Wen Jiasi (闻家驷; February 7, 1905 – November 8, 1997), originally named Wen Ji, was a Chinese scholar of French literature and translator. A native of Xishui, Hubei Province, he was the younger brother of the poet Wen Yiduo. Wen was a prominent figure in the study and translation of French literature in China and played an active role in intellectual and political circles, serving in positions within the China Democratic League and national and municipal legislative bodies. He is the younger brother of Wen Yiduo.

== Biography ==
Wen received a traditional education in his early years under the guidance of his father in a private school. Influenced by his brother Wen Yiduo, he began reading modern publications such as New Citizen Journal (Xinmin Congbao). In 1919, he went to Wuhan, where he studied at a missionary secondary school from 1919 to 1921, followed by the Hankou French School from 1921 to 1923. He later continued preparatory studies in French at Aurora University in Shanghai from 1923 to 1925.

During the May Thirtieth Movement in 1925, Wen participated in student protests and was expelled for joining a strike and refusing to take supplementary examinations. He subsequently engaged in self-study in Beijing, Wuhan, and his hometown. In 1926, he traveled to France at his own expense and enrolled at the University of Paris to study literature, but returned to China after one year due to financial difficulties. In 1931, he received government sponsorship from Hubei Province to resume his studies in France, enrolling at the University of Grenoble, where he specialized in French literature.

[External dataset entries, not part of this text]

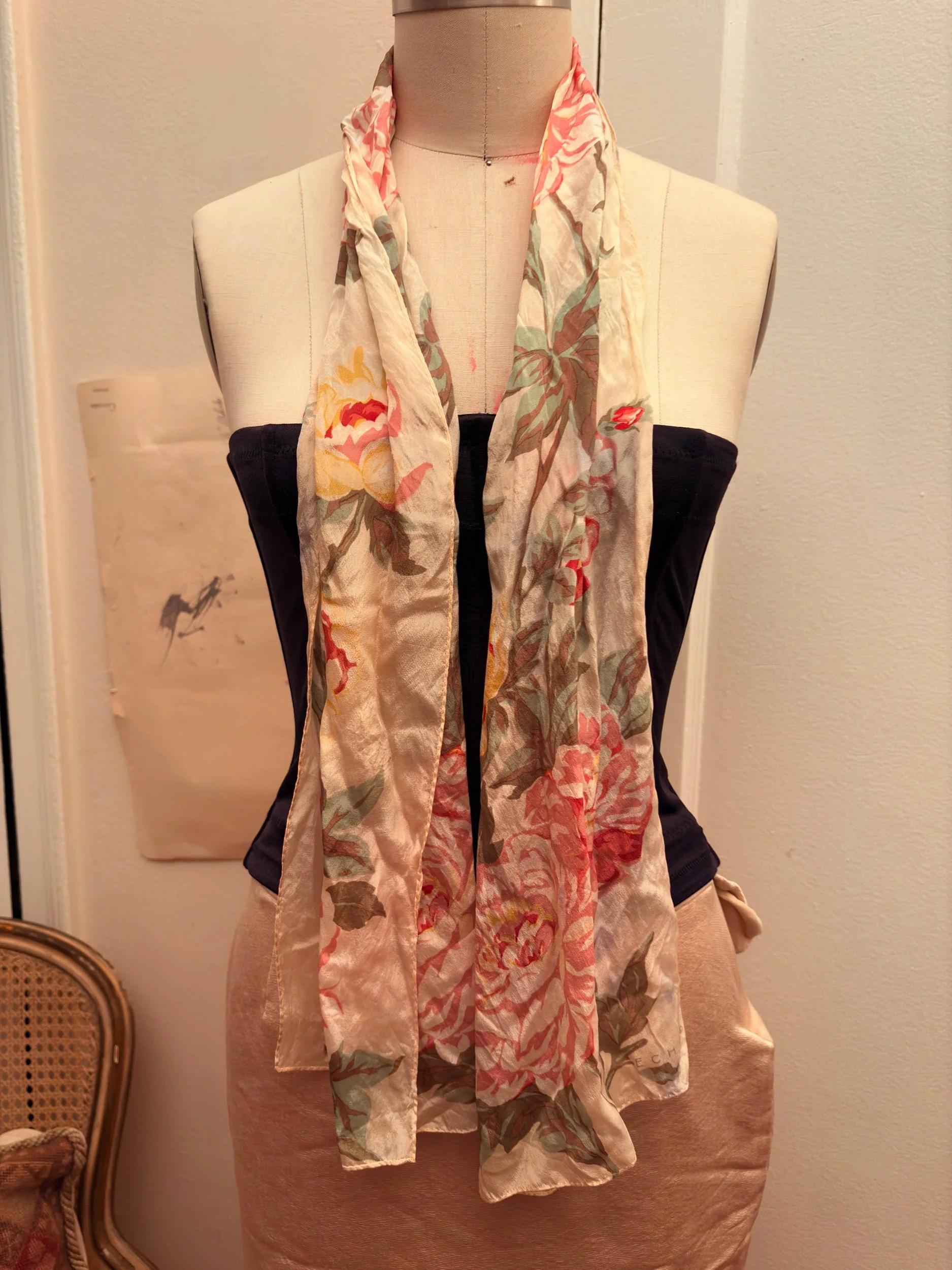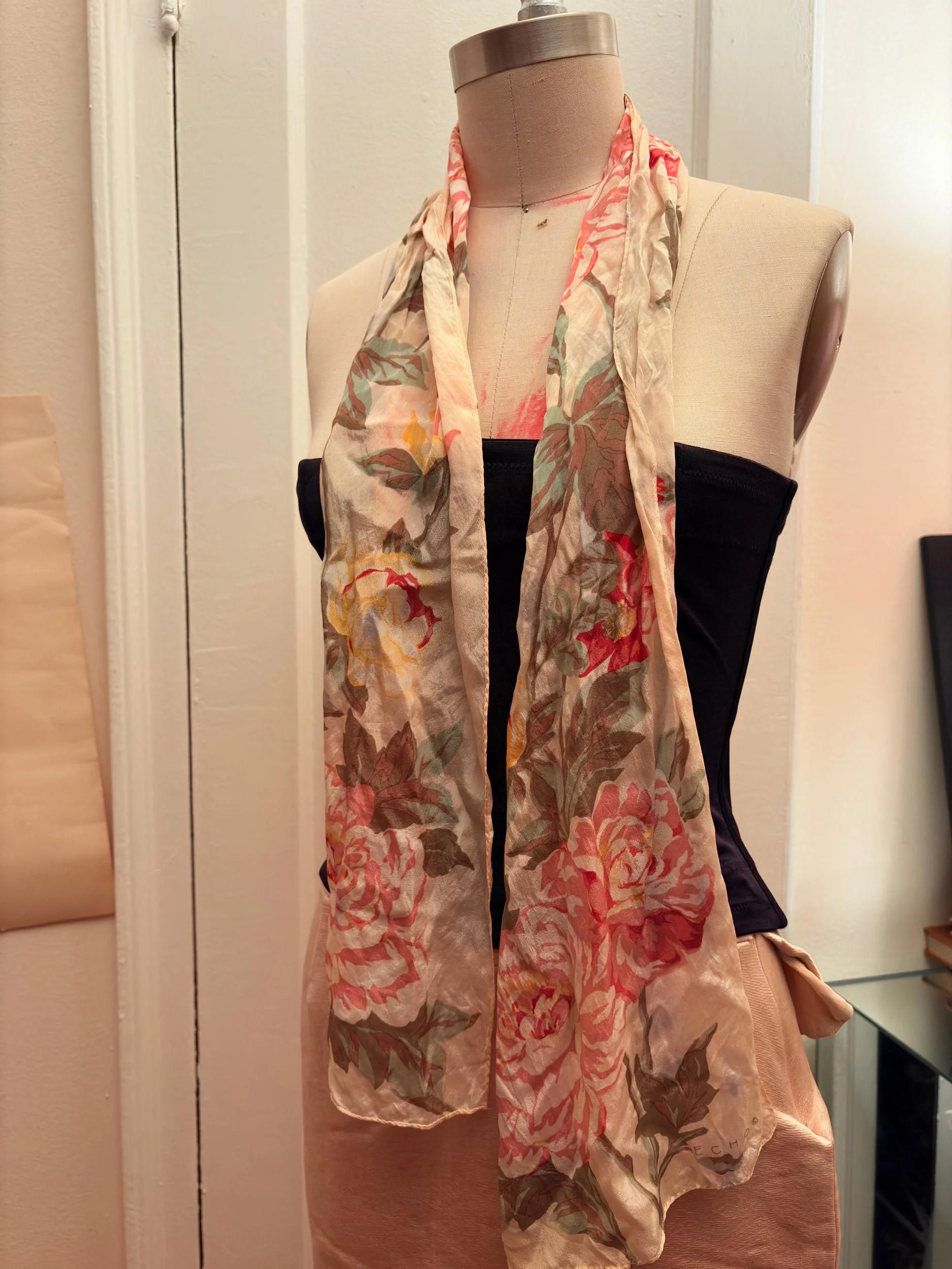 A whisper of silk and soft nostalgia, this vintage scarf blooms with hand-painted-style peonies in blush, ivory, and faded gold. The fabric is weightless and sheer, catching the light with quiet elegance. Drape it loosely over the shoulders or tie it at the neck for a romantic accent.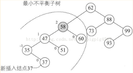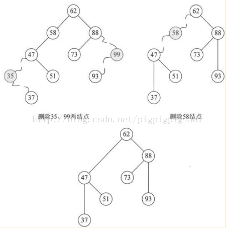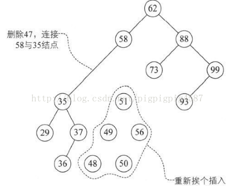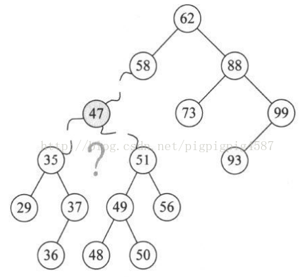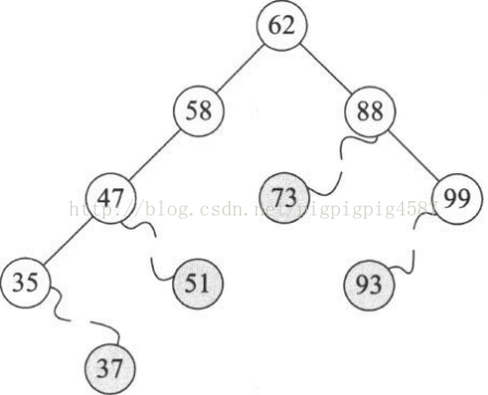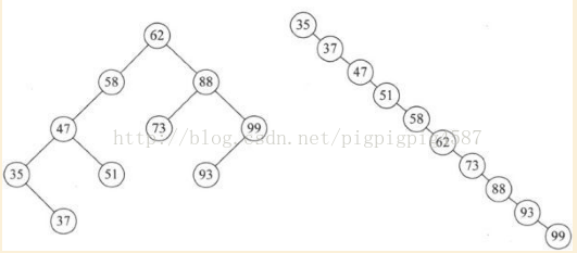 {62,88,58,47,35,73,51,99,37,93}这样的数组,我可以表示为上图左图的二叉排序树。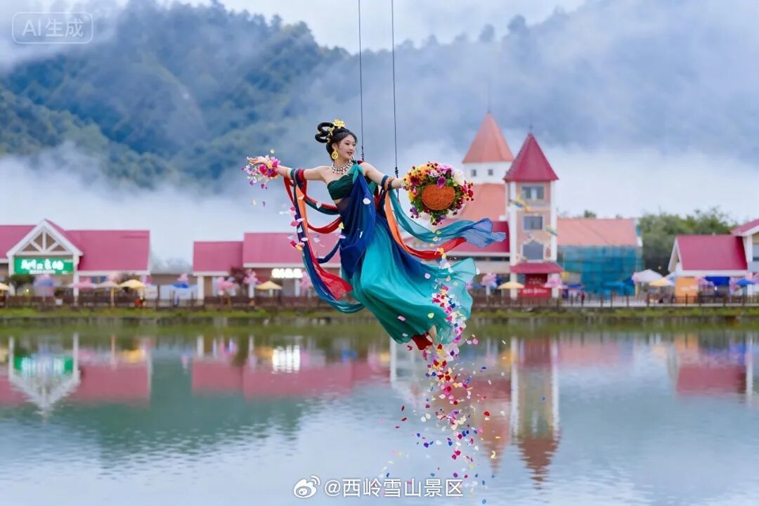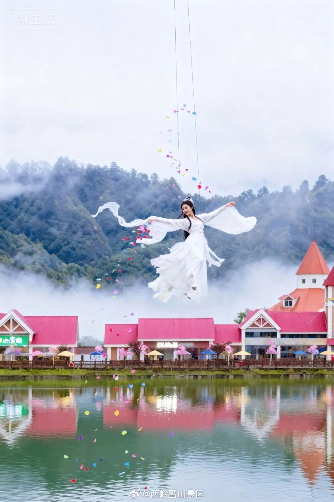 ✅ 不同于城市低空威亚,这里将飞行路线与雪山、湖泊、森林、云海立体交织,7-8分钟穿越“窗含西岭千秋雪”的国风画卷!

After returning to China in 1934, Wen began his academic career, serving as a lecturer in French at Peking University and the Beiping Art School. In 1938, he was appointed associate professor in the Department of Foreign Languages and Literatures at the National Southwestern Associated University in Kunming, and was later promoted to professor. In 1946, he returned to Beiping and resumed his professorship at Peking University, where he also taught at the Sino-French University. From 1949 to 1952, he served as a standing member of the university affairs committee and head of the Department of Western Languages at Peking University.

Wen joined the China Democratic League in 1944 while teaching at the National Southwestern Associated University and participated in the establishment of the Southwest Cultural Research Society under the leadership of the Chinese Communist Party's Southern Bureau. He later held a number of important positions within the League, including member of its central committee, standing committee member, and vice chairman. He also served as vice chairman of the Standing Committee of the Beijing Municipal People's Congress and as vice chairman of the Beijing Municipal Committee of the Chinese People's Political Consultative Conference. At the national level, he was a member of the 3rd National Committee of the Chinese People's Political Consultative Conference and a standing committee member of its 4th to 7th National Committees.

As a translator, Wen produced influential Chinese translations of major works of French literature, including selections of Victor Hugo's poetry and Stendhal's The Red and the Black. He also contributed to the compilation of major reference works such as A History of European Literature and the foreign literature volumes of the Encyclopedia of China. In 1982, he published an article in Guangming Daily titled "On Fully Recognizing the Hardship of Intellectual Labor", advocating greater recognition of the role of intellectuals in society.

Wen died in Beijing on November 8, 1997.